What you need to do
Pictures are to be left out, and only the lines from the one containing "송지성 목사가 전달한" through the last line of the data are to be returned exactly.

Records to process

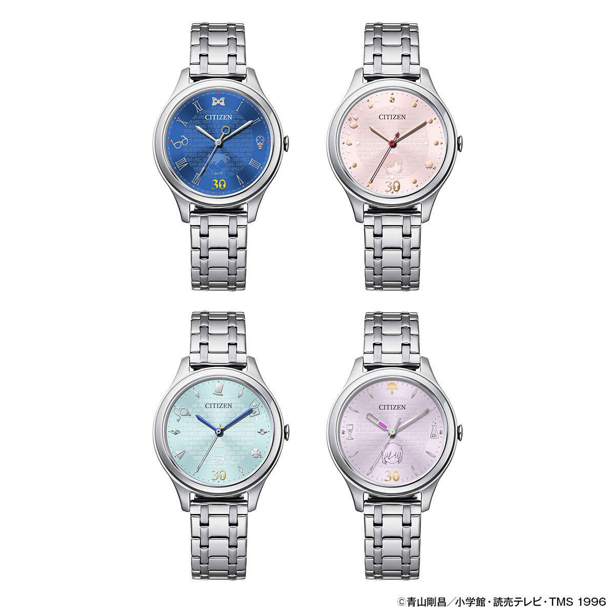 1996年にTVアニメがスタートして以来、多くのファンを虜にしてきた『名探偵コナン』。その記念すべき30周年を祝し、江戸川コナン、毛利蘭、怪盗キッド、灰原哀が、シチズンとコラボした限定ウオッチが登場!
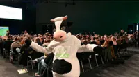 TdoH-Maskottchen Kuh Karla war auf der Grünen Woche um bei der BDL-Jugendveranstaltung vor mehr als 2000 jungen Menschen aus den ländlichen Räumen den Tag des offenen Hofes 2026 einzuläuten. Als offizieller Startschuss für den TdoH im Juni übergab sie zwei symbolisch große Schlüssel; einen an die Bundesjugendministerin Karin Prien und einen an den Bundeslandwirtschaftsminister Alois Rainer.
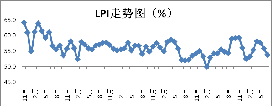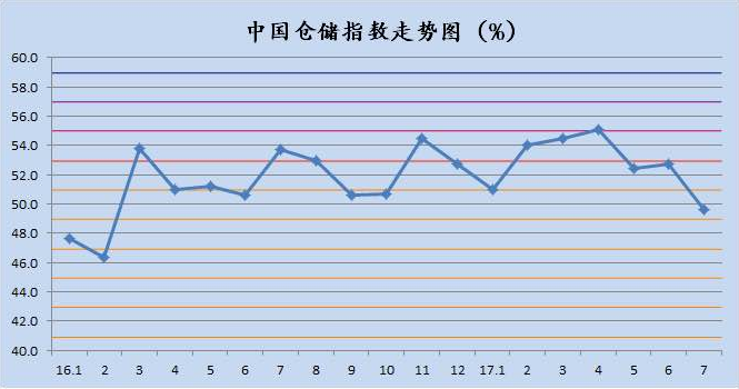 中國物流與采購聯合會發布的2017年7月份中國物流業景氣指數為53.8%較上月回落2個百分點;中國倉儲指數為49.6%,較上月回落3.1個百分點;中國公路物流運價指數為105.1點,比上月回落1.8%;中國電商物流運行指數同比指數為119.8點,比上月回落3.4點。
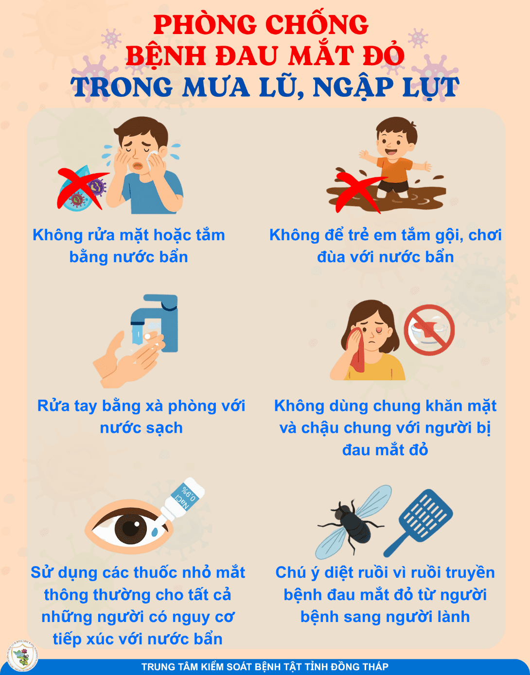 - Không rửa mặt hoặc tắm bằng nước bẩn: Tuyệt đối không dùng nước bẩn, nước bị ô nhiễm để rửa mặt, tắm gội. Hãy chủ động trữ nước sạch, nước đun sôi để nguội để sử dụng cho sinh hoạt cá nhân, đặc biệt là vệ sinh mắt.
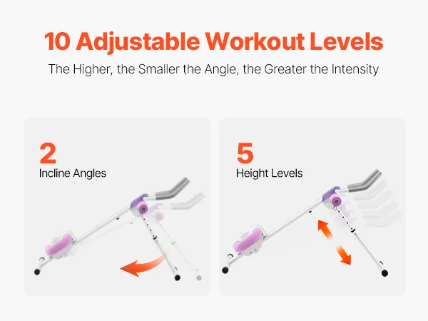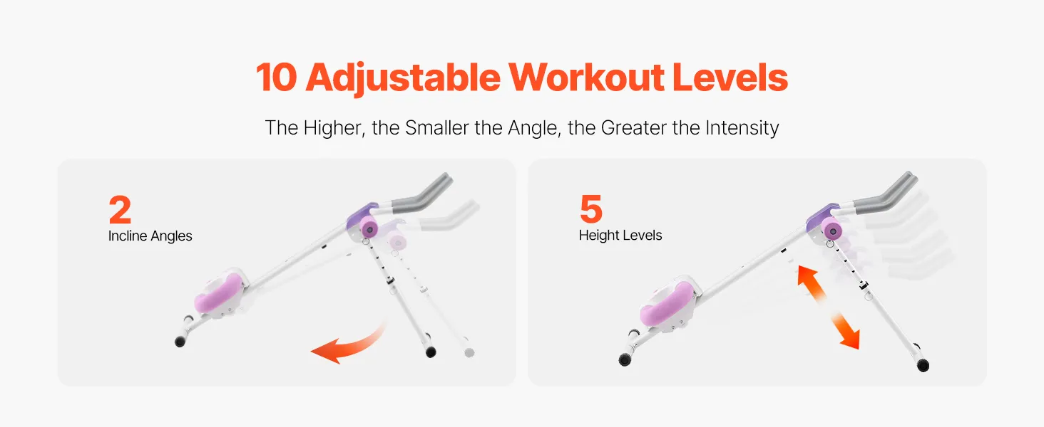 Adjustable Difficulty Levels: With 2 incline angles and 5 height settings, our home gym strength training ab cruncher offers a total of 10 difficulty levels, catering to the needs of both beginners and advanced training, continuously providing varying intensity for the abs while accommodating different heights and strength levels.
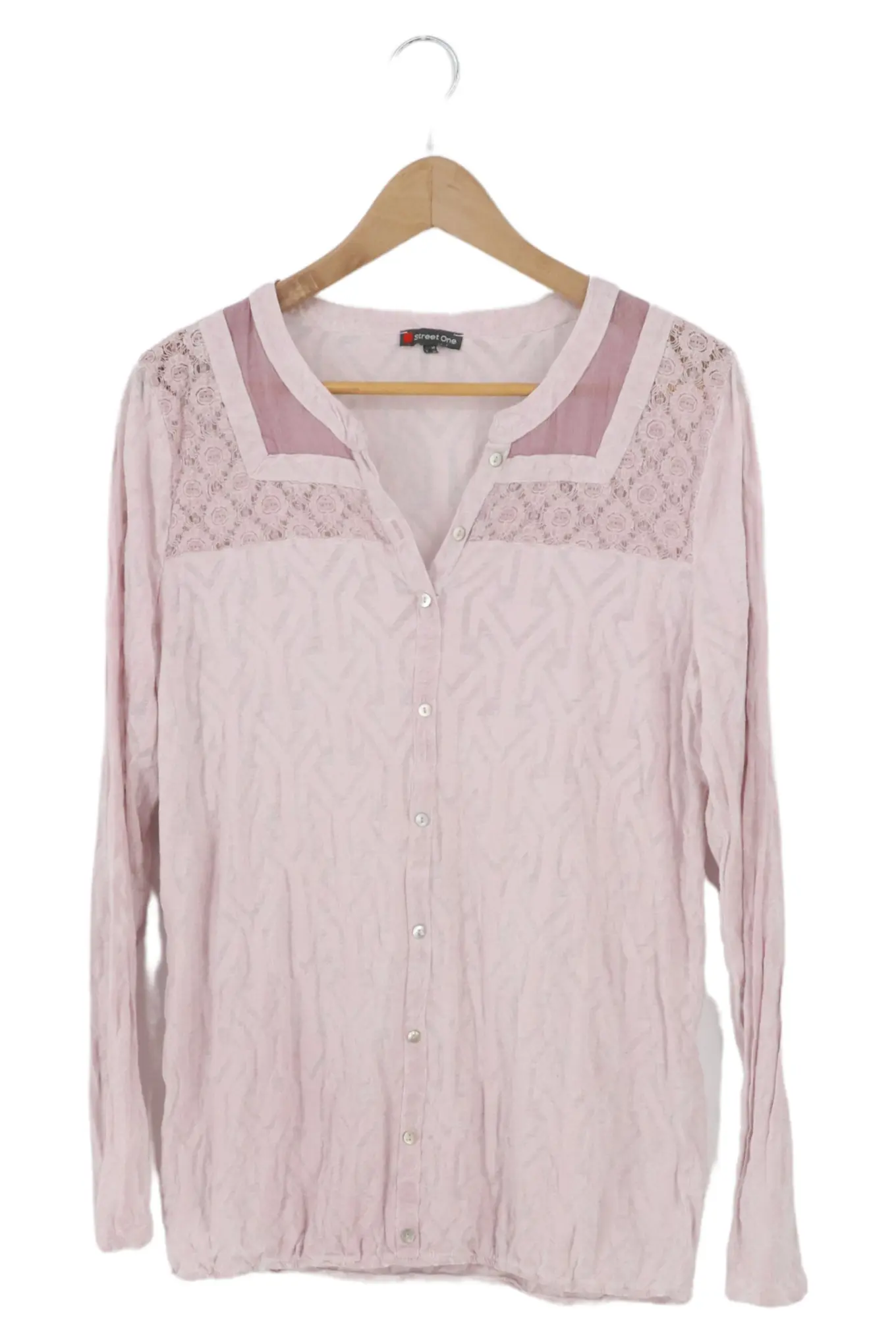 STREET ONE Damen Bluse Gr. 40 Rosa Langarm Vintage-Look
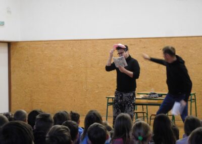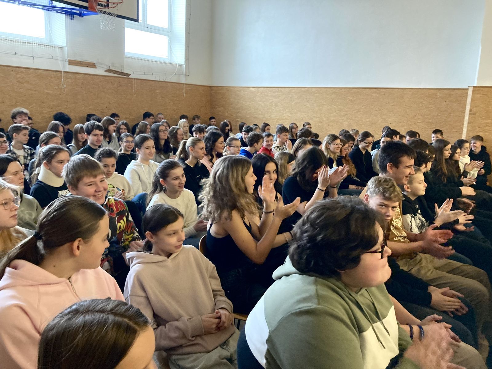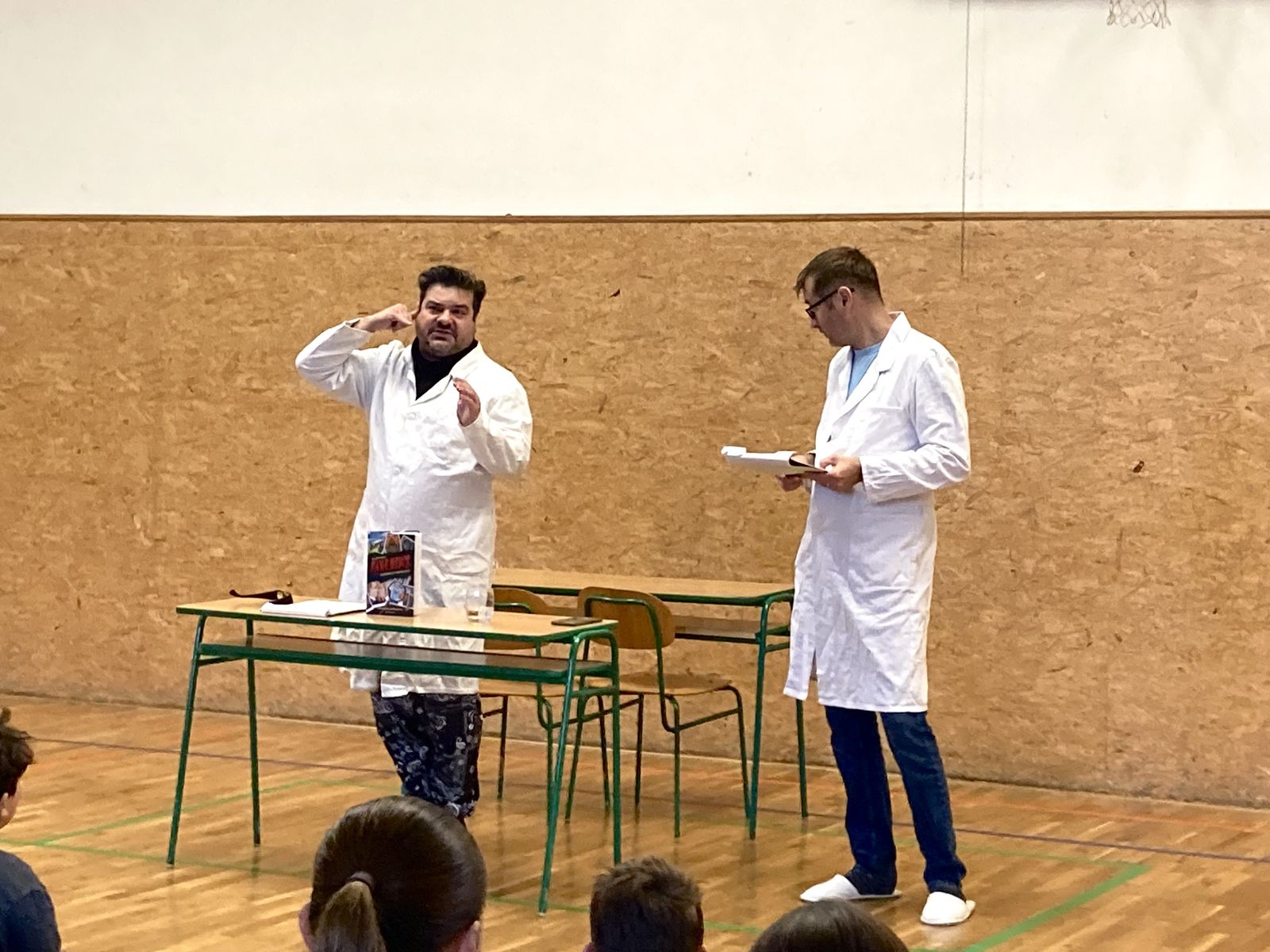Žáci na II. stupni měli možnost pomocí skvělých hereckých výkonů nahlédnout a seznámit se s knihou s nezvyklým názvem FAKE NEWS CHALLENGE. V dnešní moderní době je velmi těžké se orientovat ve zprávách, které nám jsou předkládány, např. doba covidová, válka na Ukrajině, konspirační teorie, hybridní válka! Média, politici, sociální sítě – ze všech těchto zdrojů se na nás neustále valí dohady o tom, kdo, jak a proč se nás snaží dezinformovat. Co ale často opakovaná spojení fake news, dezinformace a alternativní fakta zahrnují? Jedná se o fenomén posledních let, nebo jsou tu s námi, šikovně skryté, už dlouhá staletí? Jak je možné, že fungují? Kdo a proč je vypouští? A co je hlavní, jak se proti nim můžeme bránit? LISTOVÁNÍ tak přineslo žákům vtipnou a neotřelou scénickou formou pohled na každodenní informace, které nejenže jsou kolem nás, ale současně nás dokáží velmi ovlivnit.
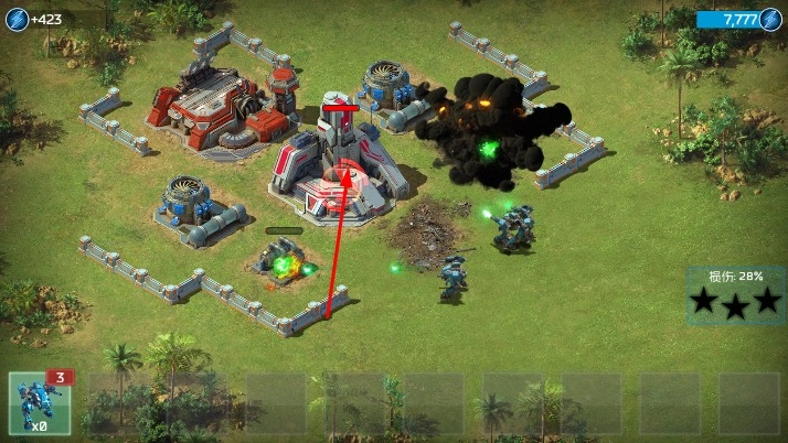 2、完成基地部分建造后,点击已部署的部队,指挥它们向敌人的防御设施或基地发动进攻,观察战场局势,安排部队的进攻路线和攻击目标。
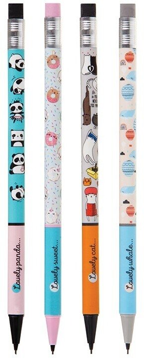 Карандаш механич MESHU "Jucy cats" с ластиком, 0,7мм, интересное:
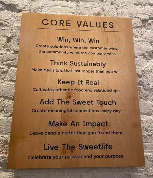Sweetgreen的价值观——“赢、赢、赢”、“可持续思考”、“保持真实”、“添加甜蜜触感”和“产生影响”--都会影响他们的商业决策、雇佣的人以及如何庆祝他们的成功。
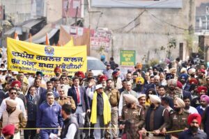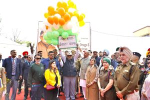 The March began at the Tehsil Complex, Mukerian, led by an NCC band. Balloons were released and a torch lit by sports personalities symbolized the anti-drug fight.
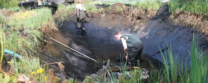 Rond de tuinvijver is al in maart een raster geplaatst met vangemmers om te voorkomen dat de brulkikkers uit de vijver zouden vertrekken of er naar toe zouden trekken. Vorige week is de vijver drooggepompt door medewerkers van RAVON en de tuineigenaar. De dikke sliblaag op de bodem is deels weggepompt en deels handmatig met emmers en kruiwagens verwijderd. Dit bleek nog een flinke klus, maar uiteindelijk is het na drie dagen werk gelukt de vijver geheel droog te leggen. In totaal werden er ruim 3000 kikkervissen van de brulkikker, twee onvolwassen dieren en twee volwassen brulkikkers weggevangen. Daarnaast werden er tientallen vissen, enkele bruine en groene kikkers, een gewone pad en een Alpenwatersalamander weggevangen. Vlak bij de vijver werd ook een kleine watersalamander waargenomen.
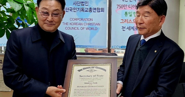 송지성 목사가 전달한 명예시민증서를 통해 브래드 래팬스퍼거(Brad Raffensperger) 조지아주 국무장관은 “신화석 목사와 신광수 목사가 그동안 보여준 여러 가지 헌신에 감사한다”면서 조지아주 ‘친선대사’로 임명하며 명예시민증서를 수여한다고 전했다.
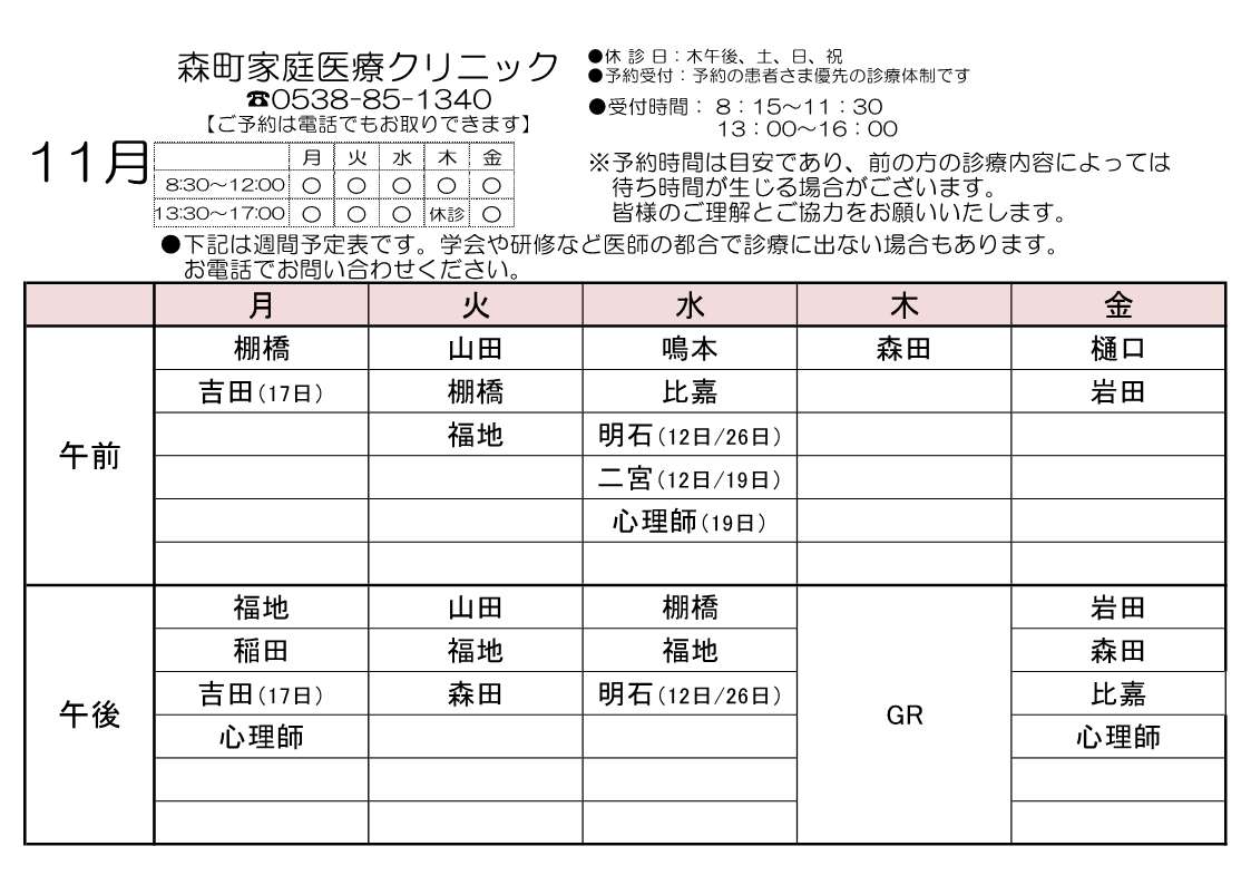 ※診療体制は予定であり、担当医師が急に変更する可能性もございます。

Your response
 송지성 목사가 전달한 명예시민증서를 통해 브래드 래팬스퍼거(Brad Raffensperger) 조지아주 국무장관은 “신화석 목사와 신광수 목사가 그동안 보여준 여러 가지 헌신에 감사한다”면서 조지아주 ‘친선대사’로 임명하며 명예시민증서를 수여한다고 전했다.
 ※診療体制は予定であり、担当医師が急に変更する可能性もございます。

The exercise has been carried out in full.